Another benefit of IP fragmentation includes data transfer flexibility enabling the transmission of large packets, such as file transfers or multimedia streams, without the need for packet segmentation on the application layer. This allows applications to send larger chunks of data in a single IP packet, simplifying the data transfer process and potentially reducing the overhead of handling multiple smaller packets.

However, current IP fragmentation techniques typically rely on software, which is slow and requires processor time that could be used to perform other tasks.

SUMMARY

One embodiment described herein is a network interface controller or card (NIC) that includes replicator circuitry configured to replicate a packet to generate a plurality of replicated packets and fragmentation circuitry configured to shrink the plurality of replicated packets to satisfy a MTU size based on unique identifiers assigned to the plurality of replicated packets.

One embodiment described herein is an integrated circuit that includes replicator circuitry configured to replicate an internet protocol (IP) packet to generate a plurality of replicated IP packets and fragmentation circuitry configured to shrink the plurality of replicated IP packets to form packet fragments based on unique identifiers assigned to the plurality of replicated IP packets.

One embodiment described herein is a method that includes replicating, in a NIC, a packet to generate a plurality of replicated packets and shrinking, in the NIC, the plurality of replicated packets to satisfy an MTU size based on unique identifiers assigned to the plurality of replicated packets.
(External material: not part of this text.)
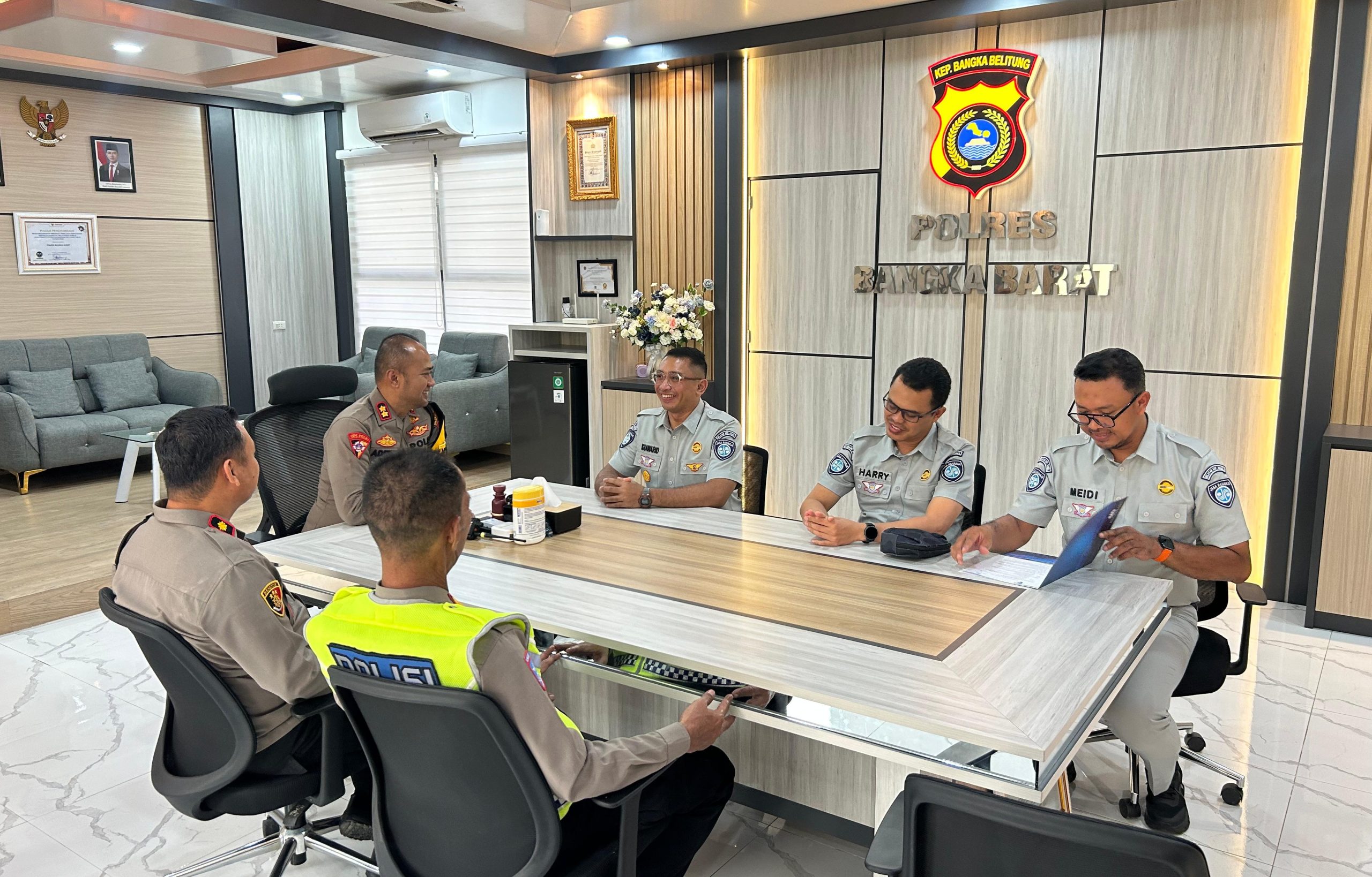 Kapolres Bangka Barat AKBP Pradana Aditya Nugraha menerima kunjungan kerja dan silaturahmi dari PT Jasa Raharja Kantor Wilayah Kepulauan Bangka Belitung, Selasa (17/3/2026).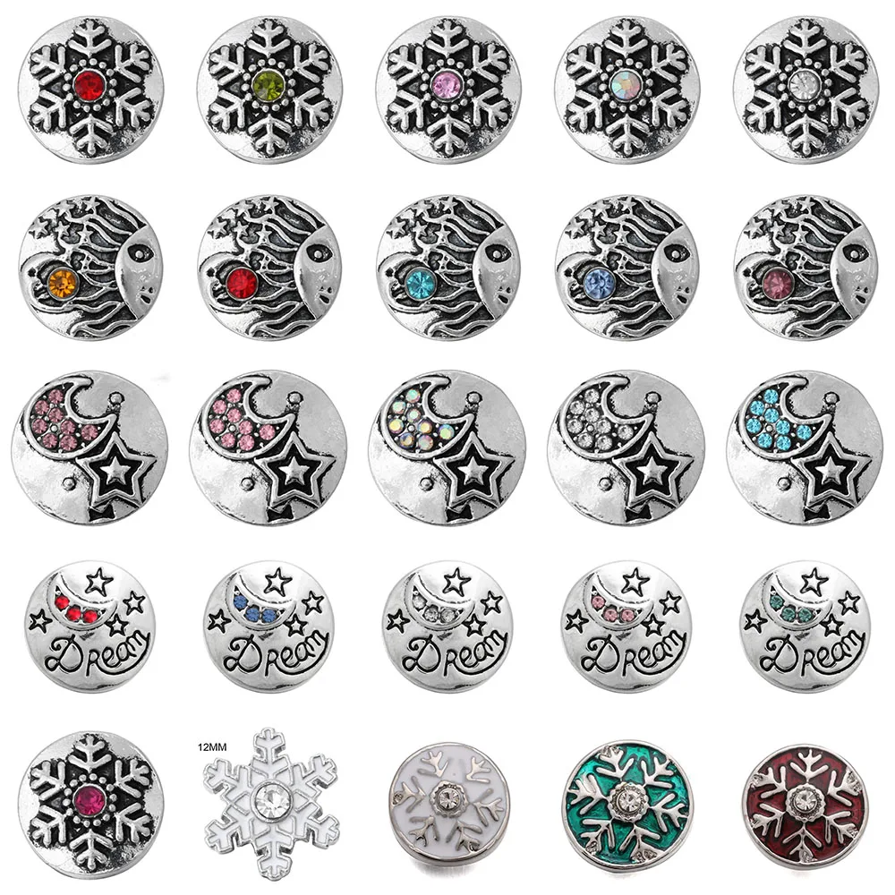 10 шт./лот Новые 12 мм кнопки ювелирные изделия со стразами Снежинка Луна мини - купить

BRIEF DESCRIPTION OF DRAWINGS

So that the manner in which the above recited features can be understood in detail, a more particular description, briefly summarized above, may be had by reference to example implementations, some of which are illustrated in the appended drawings. It is to be noted, however, that the appended drawings illustrate only typical example implementations and are therefore not to be considered limiting of its scope.

FIG. 1 illustrates a block diagram of a network interface controller or card (NIC) that performs IP fragmentation, according to an example.

FIG. 2 illustrates IP fragmentation, according to an example.

FIG. 3 is a flowchart for performing IP fragmentation, according to an example.

FIG. 4 illustrates a block diagram of a NIC that performs IP fragmentation, according to an example.

FIG. 5 is a flowchart for performing IP fragmentation, according to an example.

FIG. 6 illustrates removing different sections of replicated packets to form packet fragments, according to an example.

To facilitate understanding, identical reference numerals have been used, where possible, to designate identical elements that are common to the figures. It is contemplated that elements of one example may be beneficially incorporated in other examples.

DETAILED DESCRIPTION

Various features are described hereinafter with reference to the figures. It should be noted that the figures may or may not be drawn to scale and that the elements of similar structures or functions are represented by like reference numerals throughout the figures. It should be noted that the figures are only intended to facilitate the description of the features. They are not intended as an exhaustive description of the embodiments herein or as a limitation on the scope of the claims. In addition, an illustrated example need not have all the aspects or advantages shown. An aspect or an advantage described in conjunction with a particular example is not necessarily limited to that example and can be practiced in any other examples even if not so illustrated, or if not so explicitly described.

Embodiments herein describe creating multiple packet fragments from a large packet that, for example, exceeds a MTU supported by a network. In one embodiment, a network interface controller or card (NIC) replicates the large packet to form multiple copies (i.e., replicated packets). The number of replications can correspond to the number of fragments needed so the MTU is not exceeded. For example, if the large packet is 8000 bytes and the MTU is 2000 bytes, the NIC generates four replicated packets.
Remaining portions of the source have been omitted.